The decision of the Court of Appeal
The Court of Appeal began its consideration of whether there had been a miscarriage of justice by examining whether Mr Darling’s guilty plea to the charge under s 235(b) and the acquittal of Mr Anderson of the s 235(a) charge could be reconciled.[9]
[9]CA judgment, above n 1, at [51].
Essentially, the Court determined these two facts could not be reconciled. That was because Mr Anderson’s acquittal drew “into question whether there was a robbery at all”.[10] Further, the not guilty verdict suggested there was reasonable doubt about whether Mr Anderson had the necessary intention to commit a robbery. But even if the jury were satisfied he did have such an intent, this intent was different to the common intention required under s 235(b). If Mr Anderson did not have an intention to act together with Mr Darling to commit the robbery, an essential element of the charge against Mr Darling could not be proved.[11]
[10]At [54].
[11]At [55].
Nor was this a case where the pool of evidence against the two defendants was different, which might explain the difference in outcomes. Further, this was not a situation where anyone else could have carried out the robbery. Moreover, the Crown’s case linked Mr Darling’s offending to that of Mr Anderson.[12] Finally, the Court saw the circumstances surrounding the entry of the plea as adding weight to the risk of a miscarriage. This is a reference to the various pressures which we have noted.[13]

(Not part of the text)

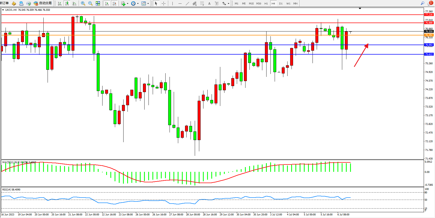 布油维持76.550附近震荡,EIA报告:06月30日当周美国原油出口减少143.7万桶/日至390.1万桶/日,06月30日当周美国除却战略储备的商业原油进口703.8万桶/日,较前一周增加45.8万桶/日。

The arguments in this Court
[12]At [57].
[13]Above at [25].
There is considerable common ground between the referrer and counsel assisting in this case, both as to the test to be applied where a conviction appeal is brought following a guilty plea and as to the answer to the question of law posed on this referral. In particular, counsel agree the test to be applied where a conviction appeal is brought following a guilty plea is whether a miscarriage of justice will result if the conviction is not overturned. In terms of the test, counsel also referred to R v Le Page and subsequent cases identifying categories indicating a miscarriage of justice notwithstanding a guilty plea.[14] Counsel agreed the categories discussed in Le Page were not closed and that the ultimate question remained whether there had been a miscarriage. Counsel also agreed that while a subsequent acquittal may be relevant in determining whether a miscarriage has resulted from a guilty plea, in this case Mr Anderson’s acquittal did not affect Mr Darling’s guilt.
[14]R v Le Page [2005] 2 NZLR 845 (CA) at [17]–[19].
It follows that on the question raised by the referral, it was common ground that the Court of Appeal decision in this case was wrong. We address the submissions further as necessary in the discussion that follows.
We note here that counsel assisting the Court also canvassed in the written submissions another basis on which it is said that a miscarriage of justice may arise. That related to the various pressures on Mr Darling at the time he entered his plea. As we discussed with counsel at the commencement of the hearing, that issue falls outside of the scope of the question of law that was referred. Accordingly, counsel did not address the issue in oral argument and we do not address it in this judgment. Further, while there was some discussion of this aspect in the Court of Appeal judgment, the focus was on the consistency with Mr Anderson’s acquittal. It is not disputed that the fact a plea is not voluntarily and willingly given may give rise to a miscarriage. But here, further factual findings regarding Mr Darling’s decision would have been necessary to determine this issue. We add that, where a defendant is remanded in custody, matters such as the effect of lengthy pre‑trial delays on the entry of a guilty plea may be an issue for consideration in a case where such matters are directly raised.
We now discuss the test applicable where a conviction is challenged following a guilty plea and then consider the question posed on the referral.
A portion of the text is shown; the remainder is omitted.